According to Avalanche Studios' co-founder Christofer Sundberg, AionGuard would have done much of what this year's big open-world RPG is doing

Avalanche Studios, the Swedish dev team behind the Just Cause series and 2015’s Mad Max, has been forced to cancel almost as many games as it’s actually ended up releasing. However, according to co-founder and former CCO Christofer Sundberg, the studio’s WW1/medieval/fantasy game AionGuard is the cancellation that still stings the most.

Sundberg recently sat down for an interview with PC Gamer to discuss his time at Avalanche Studios, which he left in 2019, and his upcoming game Samson, developed and published by Liquid Swords. Based on the interview, though, it seems Sundberg was at least as interested in less interested in giving an unnamed publisher the middle finger for cancelling AionGuard in 2009 as he was in promoting his new game.

“I haven’t played Crimson Desert enough, but we had everything that I’ve seen from Crimson Desert in the plans for that game,” Sundberg revealed. “It was signed with a big publisher that has a lot of famous IPs…And then they just changed business direction again and wanted to focus on their existing IPs instead of new ones. They broke up with us on a text message, which I will never forgive them for.”
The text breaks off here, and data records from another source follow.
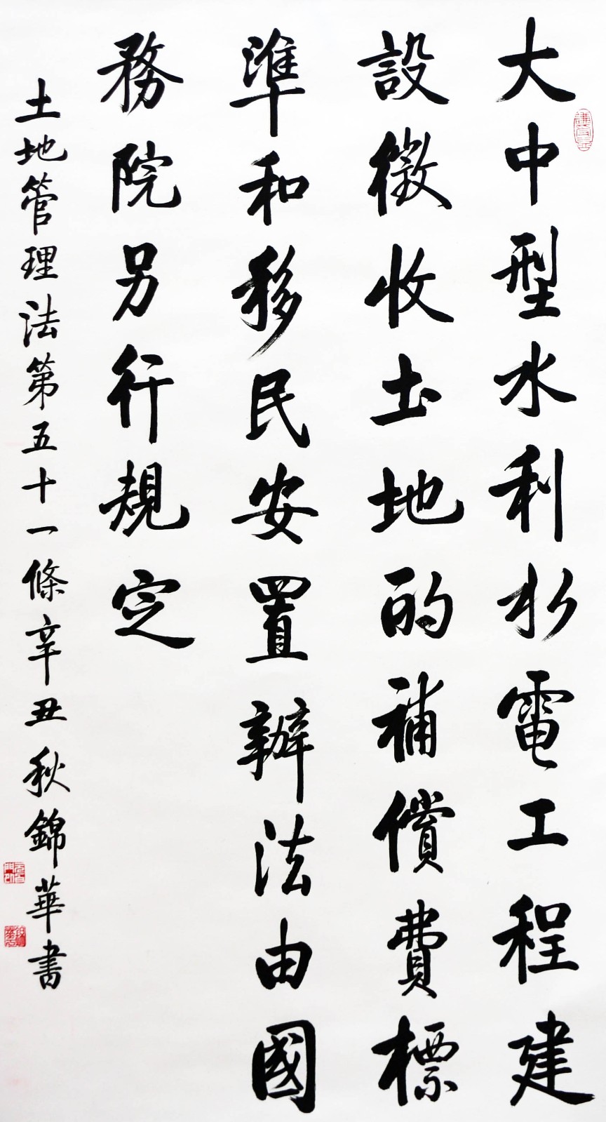 繼1600余位書法家參與書寫《中華人民共和國民法典》全部1260條法條之后,法治日報社聯(lián)合自然資源部法規(guī)司、自然資源部書畫研究會和北京昌平書法家協(xié)會,將筆端對準(zhǔn)土地管理“一法一條例”,即《中華人民共和國土地管理法》和《中華人民共和國土地管理法實施條例》。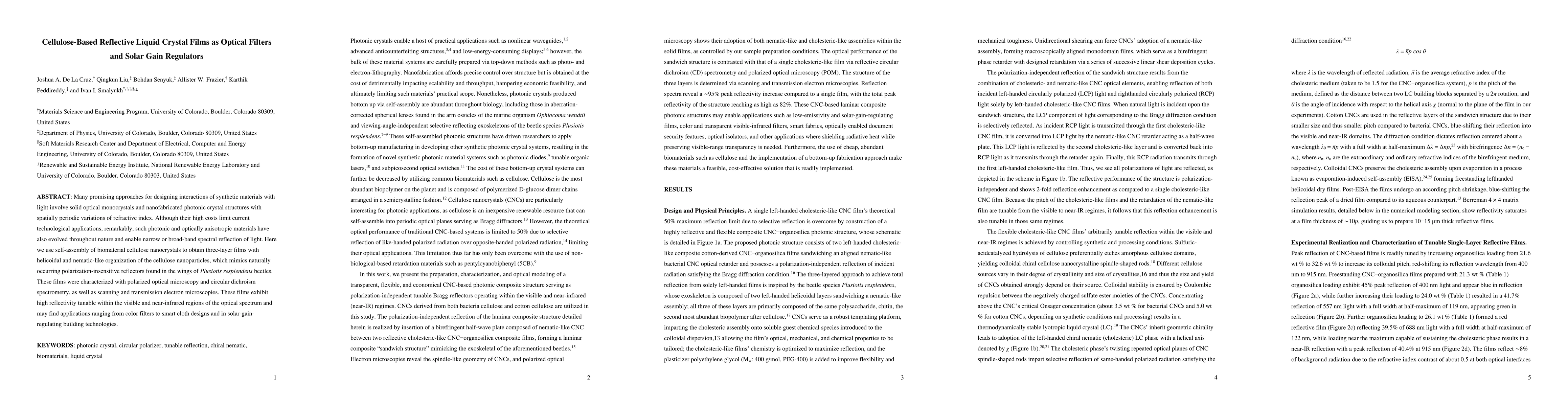 This paper presents cellulose-based reflective liquid crystal films created through self-assembly of cellulose nanocrystals, mimicking natural beetle wing reflectors. These films exhibit tunable high reflectivity in the visible and near-infrared spectrum, with potential applications in optical filters and solar-gain regulation.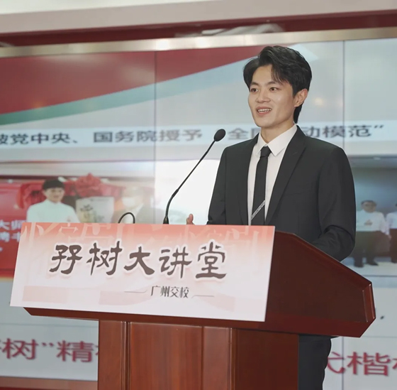 随后,广州市交通运输职业学校优秀毕业生、全国劳动模范、广汽本田汽车有限公司技师曾俊钦以“传承‘孖树’精神,做新时代楷模”为主题,分享了自己在交校寻向定标、在赛场接续奋斗、在岗位创新求变的故事。他提到,在当今的国家经济高质量发展的东风下,每个人都能为自己打造出彩的人生,而选择合适的道路并且不断地坚持与努力,是成功的前提。在取得成绩以后,要继续脚踏实地,学会协作,才能实现更高更远的目标。

Targeting PS3, Xbox 360, and PS3, AionGuard was an open-world fantasy game. As Luke Plunkett wrote for Kotaku in January of 2009, “You play a member of the AionGuard, valiant magic knight types who survive the end of the world and set about retaking said world. That means taking it back from the bad guys, region by region, with each region controlled by an enemy stronghold that has to be taken down. Because the game’s open world, however, you can do this however you like. You can run straight in and kill everything, or sneak around disrupting supply lines to weaken the base, or even enlist the help of local tribes. Whichever you like.”

Even after buying the rights to AionGuard back in 2009, Sundberg explained that the game never saw the light of day because “every publisher just shut the door, because it was already announced.” This is because Avalanche Studios had opted to announce AionGuard through an EDGE Magazine cover spread in January 2009.

Whether or not the game would have ended up being Crimson Desert before Crimson Desert is a question that will have to go unanswered, as the only things to have survived AionGuard’s cancellation are a handful of low-res screenshots.